Title due diligence in Texas is the process through which the ownership of minerals can be traced by records of the county to establish what is being sold. In this process, values are realized in terms of ownership percentages, reservations, liens and lease conditions.

It is highly advisable to recruit the services of a landman or Texas oil and gas attorney in most of the deals that exceed 10,000. Title expenses are different according to the complexity, particularly on old West Texas real estate. Due diligence helps keep the buyers out of expensive post-close surprises.

Draft and Sign the Purchase and Sale Agreement

After due diligence has been done, an agreement is then recorded in a Purchase and Sale Agreement. This contract will specify the parties, description of legal property, purchase price, timescales, and representations on the title and authority to sell.

It also outlines the process of amendments or conflicts in case of finding some problems. A bigger or more complicated transaction would be better reviewed by law. The PSA anticipates expectations prior to the execution of the mineral deed.

Closing, Funding, and Recording the Deed

When closing, a deed to minerals or royalties signed by the seller is notarized, and the buyer brings money in the form of wire or cashier. Closings can be in person, by mail or via an escrow agent like a title company or attorney.

The act should then be registered at the county clerk in the place where the minerals are found.
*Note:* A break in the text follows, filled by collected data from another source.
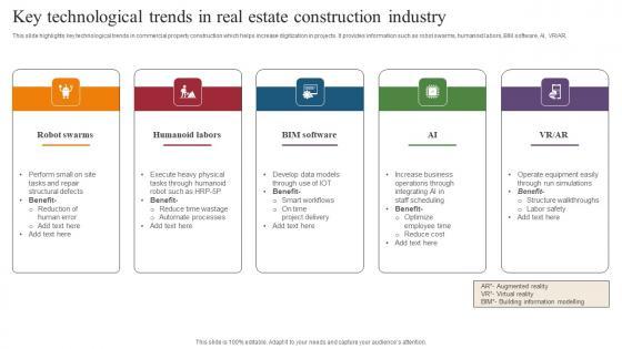 This slide highlights key technological trends in commercial property construction which helps increase digitization in projects. It provides information such as robot swarms, humanoid labors, BIM software, AI, VRAR. Pitch your topic with ease and precision using this Key Technological Trends In Real Estate Construction Industry Graphics Pdf. This layout presents information on Robot Swarms, Humanoid Labors, Software. It is also available for immediate download and adjustment. So, changes can be made in the color, design, graphics or any other component to create a unique layout. This slide highlights key technological trends in commercial property construction which helps increase digitization in projects. It provides information such as robot swarms, humanoid labors, BIM software, AI, VRAR.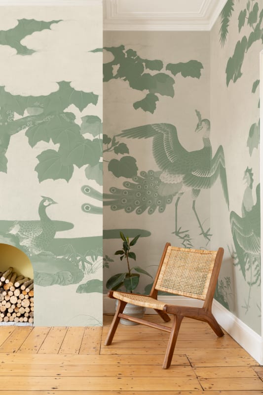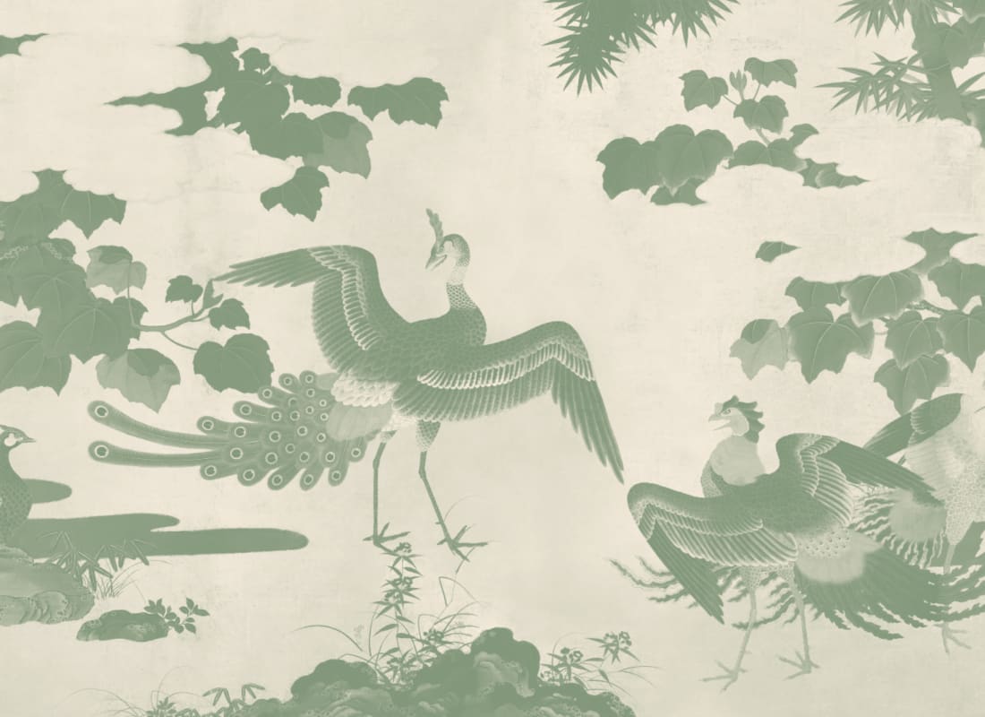 Hovia JA0387GR03W Kujaku Teal - mural w ptaki w japońskim stylu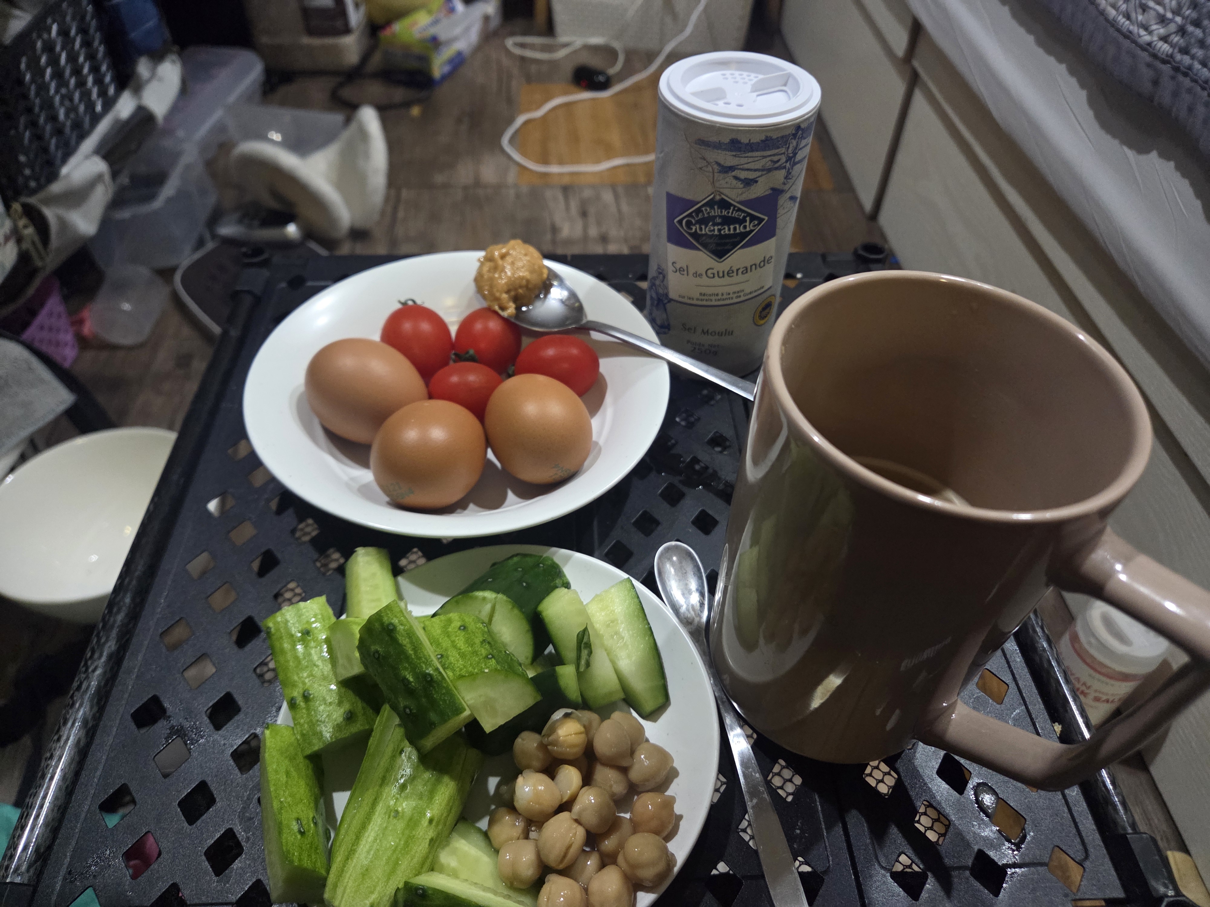 황태해장국(블럭국 + 황태채 + 계란 1개)를 넣고 메인으로 삶은계란2개, 땅콩버터, 오이, 샐러드, 방울토마토!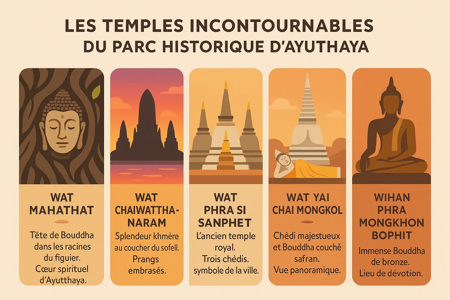 | Sites Majeurs du Matin | Wat Yai Chai Mongkol, Wat Phanan Choeng, Wat Mahathat | Wat Mahathat, Wat Ratchaburana, Musée National Chao Sam Phraya |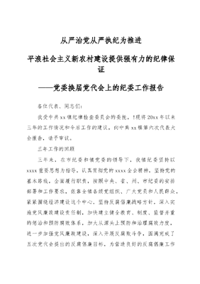 从严治党从严执纪为推进平浪社会主义新农村建设提供强有力的纪律保证——党委换届党代会上的纪委工作报告.doc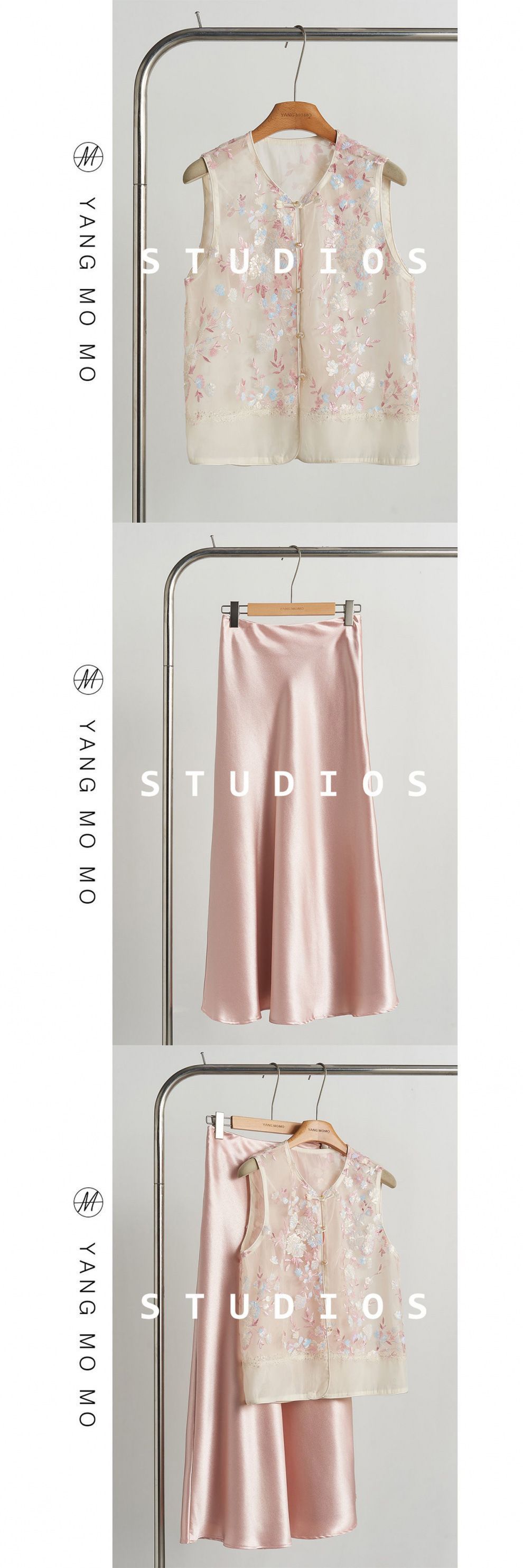 새로운 중국 스타일의 가벼운 민족 스타일 Tulle 스팽글 수 놓은 양복 조끼 아세테이트 스커트 정장 여성 여름 착용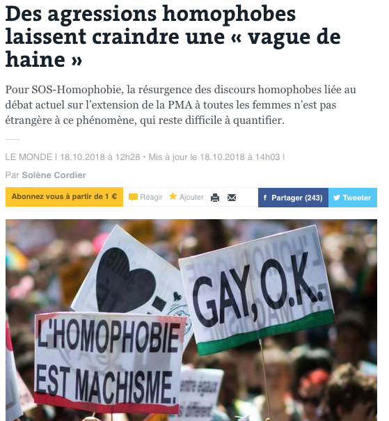 Depuis quelques jours, suite à quelques agressions contre des personnes homosexuelles, souvent commises par des personnes issues de l’immigration, sont utilisées de façon indécente par le lobby LGBT pour museler les défenseurs de la famille et de l’enfant. Le Monde relaie complaisamment cette propagande :

Recording charges are usually minimal and it depends on the county to process the record. Legal descriptions are necessary to prevent title problems in the future.

Notify Operators and Appraisal Districts

Once recorded, the operators should be informed of the ownership transfer by submitting a copy of the deed and a signed W-9. Buyers are expected to act quickly on the orders to make royalty payments by responding to division orders.

It is common to have delays in payment because operator systems might take weeks to implement the change. An update should also be done to the county appraisal districts to send out the tax bills to the rightful owner. Planned expenditures should be in the form of ongoing property taxes.

Additional Risk, Taxes, and Practical Tips for Texas Landowners

Buying minerals involves concentration risk, declining wells, title defects, and operator uncertainty. Minerals are depleting assets, unlike traditional real estate. Royalty income is federally taxable, with benefits such as percentage and cost depletion. Consult oil-and-gas-experienced CPAs.

Practical Tips:

Keep records, review statements, start small, prioritize a clean title, and work with Texas professionals.

Conclusion

It takes thorough due diligence research, disciplined valuation, and legal knowledge to understand how to buy mineral rights in Texas. Buyers can make well-informed judgments and steer clear of expensive blunders by comprehending area dynamics, market factors, production dangers, and the detailed acquisition process.

Texas mineral ownership can be a significant long-term asset with the correct approach and expert assistance.

Disclaimer: This article is for educational purposes only and does not constitute legal, tax, or investment advice.